|The present tool is developed as a part of our broader study focused on investigating the advantages of developing "organism-specific" predictors over the "general" ones to predict protein subcellular localization. To demonstrate this, we perform a systematic study in Arabidopsis thaliana and create an integrative Support Vector Machine-based localization predictor called 'AtSubP' that is based on the combinatorial presence of diverse protein features such as its amino acid composition, sequence-order effects, terminal information, PSSM and the similarity search-based PSI-BLAST information. When used to predict on seven compartments (Chloroplast, Cytoplasm, Golgi apparatus, Mitochondrion, Extracellular, Nucleus, Plasma membrane) through a 5-fold cross-validation test, our hybrid-based best classifier achieves an overall accuracy of 90.95% with a high confidence precision and MCC values of 90.86% and 0.89, respectively. Benchmarking AtSubP on two independent datasets, one from Swiss-Prot and another containing GFP & Mass Spectrometry determined proteins from SUBA and eSLDB databases, shows a significant improvement in the prediction accuracy of 'species-specific' AtSubP over some widely used 'general' tools such as TargetP, LOCtree, PA-SUB, MultiLoc, WoLF PSORT and Plant-PLoc as well as our newly created 'All-Plant' method. As another rigorous testing, the cross-comparison of Arabidopsis-specific classifier on six non-trained eukaryotic organisms (Rice, Soybean, Human, Yeast, Fruit fly, Worm) reveals too inferior predictions.

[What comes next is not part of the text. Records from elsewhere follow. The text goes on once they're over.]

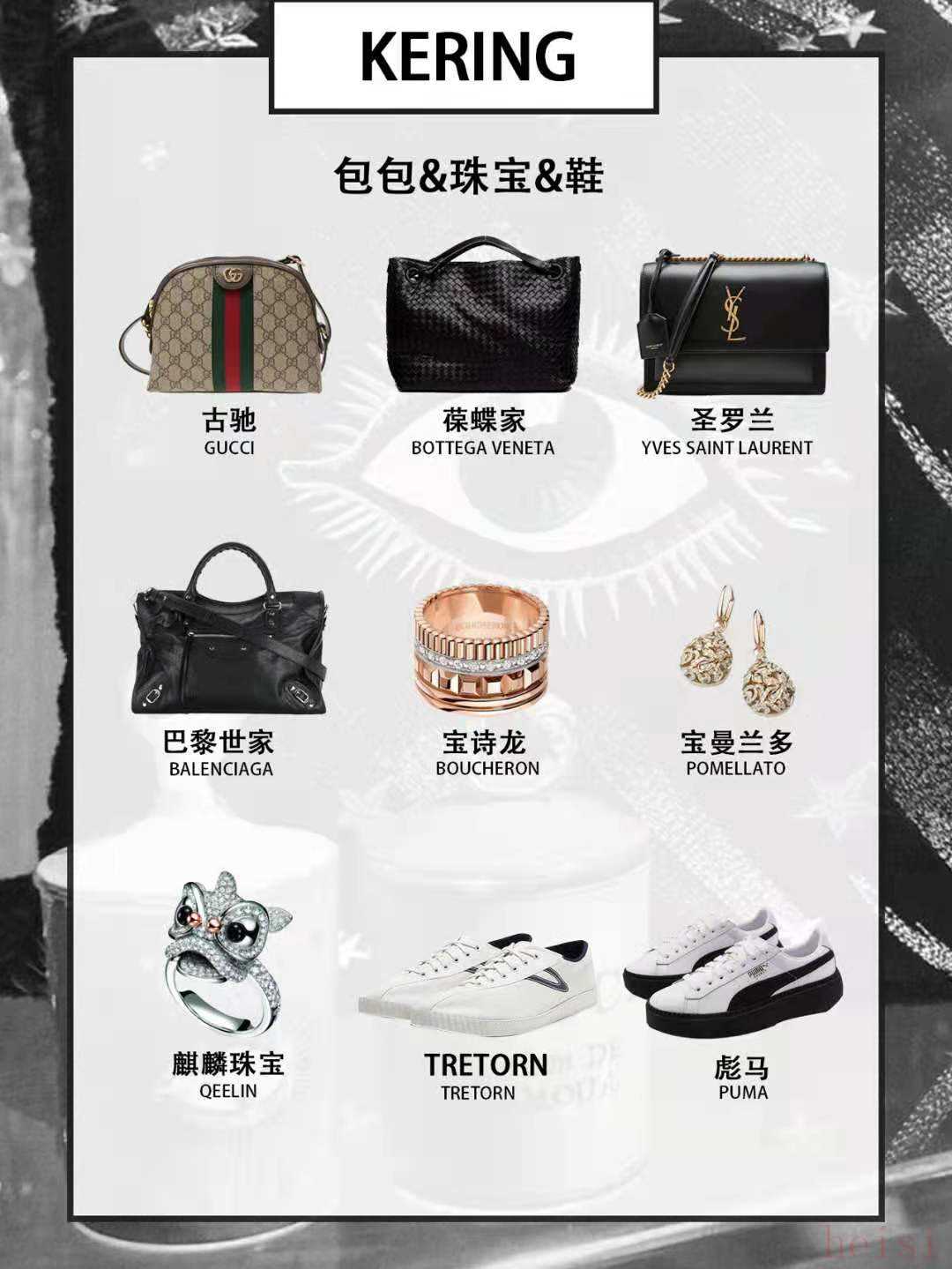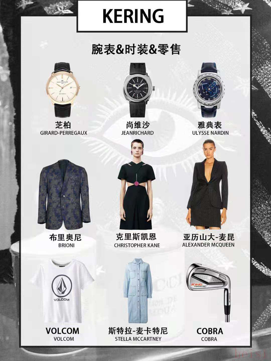 2. "開(kāi)云集團(tuán) (Kering)":這是法國(guó)的奢侈品巨頭,旗下?lián)碛斜姸喔咧绕放?,包括古馳 (Gucci)、圣羅蘭 (Saint Laurent)、愛(ài)馬仕 (Hermès)、巴寶莉 (Burberry)、凱特·辛迪 (Kate Spade)、See by Chloé 等。
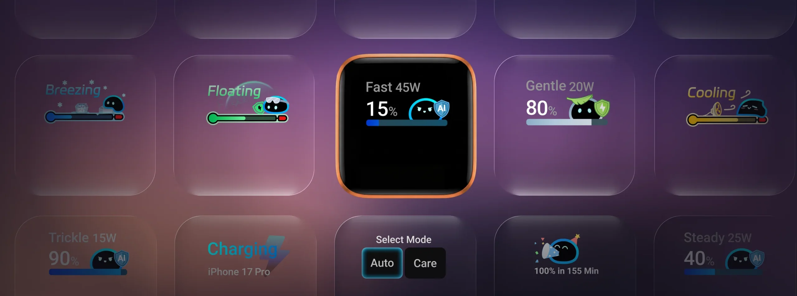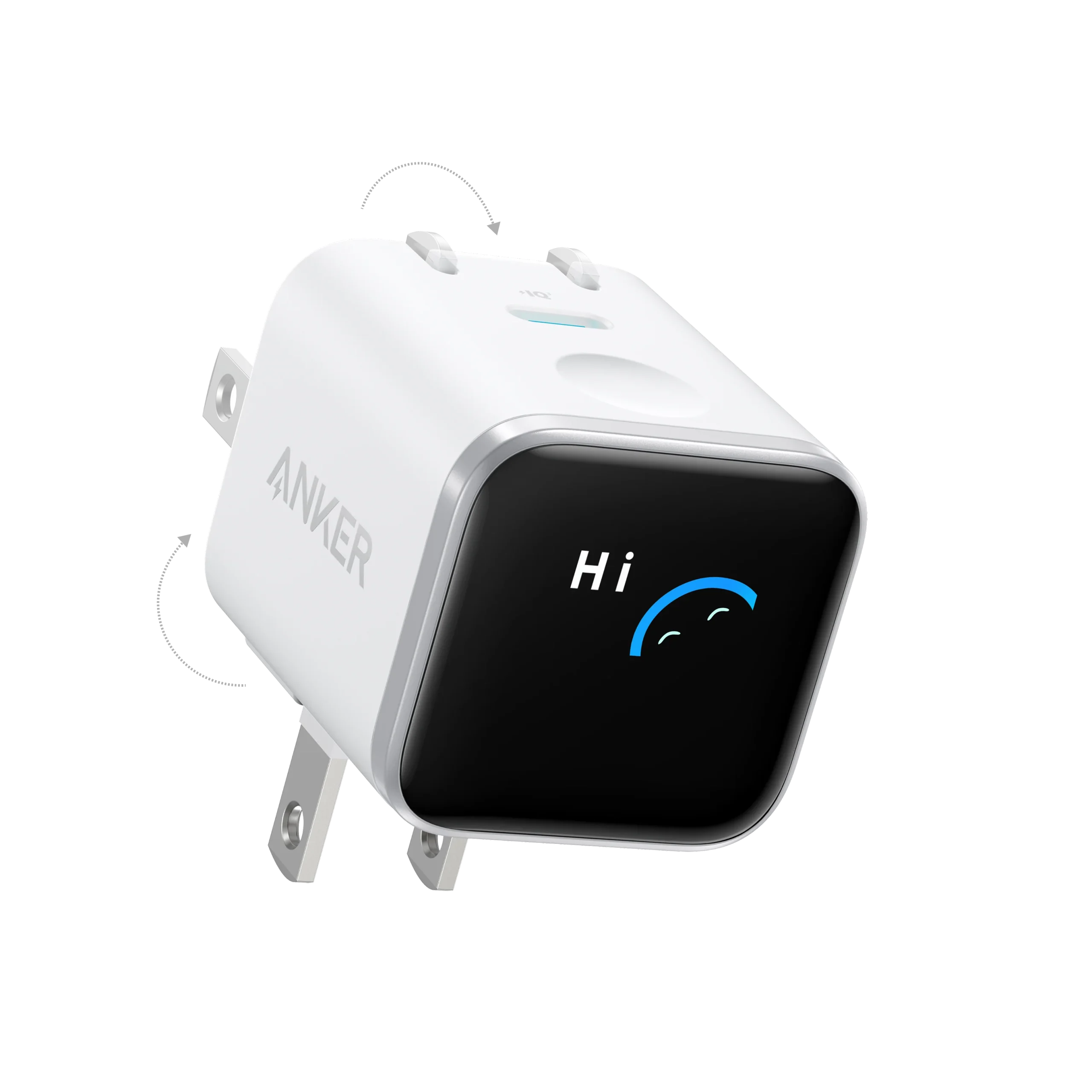 หัวชาร์จ Anker Nano ขนาด 45W รุ่นนี้มาพร้อมหน้าจอที่แสดงข้อมูล Real-time เช่น กระแสไฟ อุณหภูมิ และสถานะการชาร์จ พร้อมลูกเล่นภาพเคลื่อนไหวเพื่อให้ดูน่าใช้งาน โดย Anker ระบุว่าตัวหัวชาร์จสามารถตรวจจับอุปกรณ์ที่กำลังชาร์จและปรับค่าต่าง ๆ โดยอัตโนมัติ เพื่อยืดอายุการใช้งานแบตเตอรี่
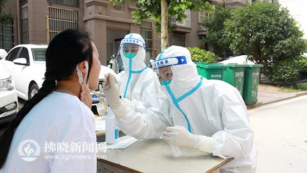 醫(yī)護(hù)人員在為泗縣觀湖苑小區(qū)居民核酸采樣
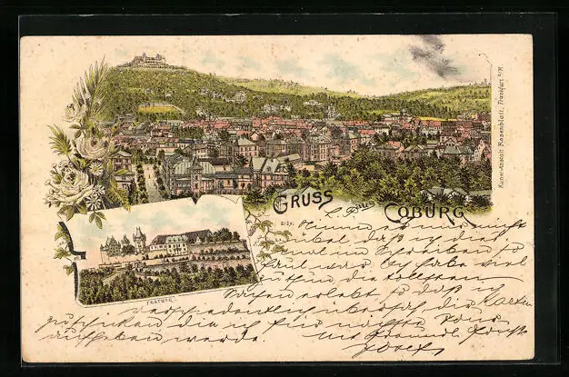 Lithographie Coburg, Ortsansicht mit Festung
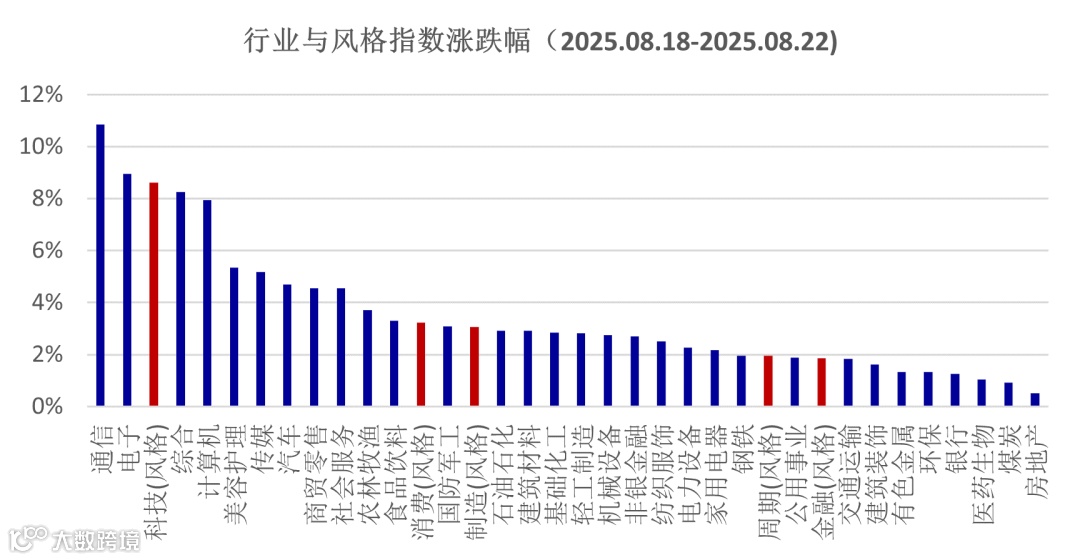 行业指数继续呈现出高弹性特征,科技成长板块领涨,通信、电子继续领涨,单周10.8%、9.0%,同属TMT板块的计算机、传媒也上涨了7.9%和5.2%,显著跑赢沪深300指数。在国产算力新叙事之下,以龙头芯片代表的“自主可控”开启估值提升行情。市场定价提升的板块,是科技产业趋势和高景气方向,代表的是国产算力和稀土小金属。在指数冲关之下,互联网金融及券商作为景气方向之一亦跑出超额。二季度公募和市场增配较多的银行阶段性表现较弱,风险偏好抬升之下,弱弹性的标的阶段性表现不强,此类板块或仍有绝对收益空间。周期板块表现同样较弱,市场担心GDP增速在三季度开始回落,且宏观总需求并未明显扩张,反内卷是否带来行业格局优化,仍需要产销数据的验证。

Thereby, this comprehensive case study strongly reveals the presence of some 'species-specific' sorting patterns or signals among the individual organisms that are being skipped in the training process while developing 'general' prediction methods. We suggest to actively develop similar genome-specific systems in other organisms to fasten-up their individual proteome annotation process rather than relying on some general prediction tools. Five diverse prediction modules based on various features of a protein sequence have been implemented on the World Wide Web as a dynamic web server 'AtSubP' that provide wider options to the users extracting different features from their query protein sequences e.g. the simple amino acid composition, sequence-order based dipeptide composition, terminal-based information, Position Specific Scoring Matrix (PSSM), similarity-based PSI-BLAST, including our best performing hybrid classifier.
Currently, the TAIR community is actively using TargetP for annotating the complete Arabidopsis proteome (ftp://ftp.arabidopsis.org/home/tair/Proteins/Properties/TargetP_analysis.tair10). However, in our independent comparison on various test datasets, 'AtSubP' shows better accuracy and wider location coverage as compared to 'TargetP'. Therefore, we believe that 'AtSubP' can serve as a better complement to accurately annotate the Arabidopsis thaliana proteome. The complete list of subcellular predictions generated through 'AtSubP' are available under the 'Datasets' section.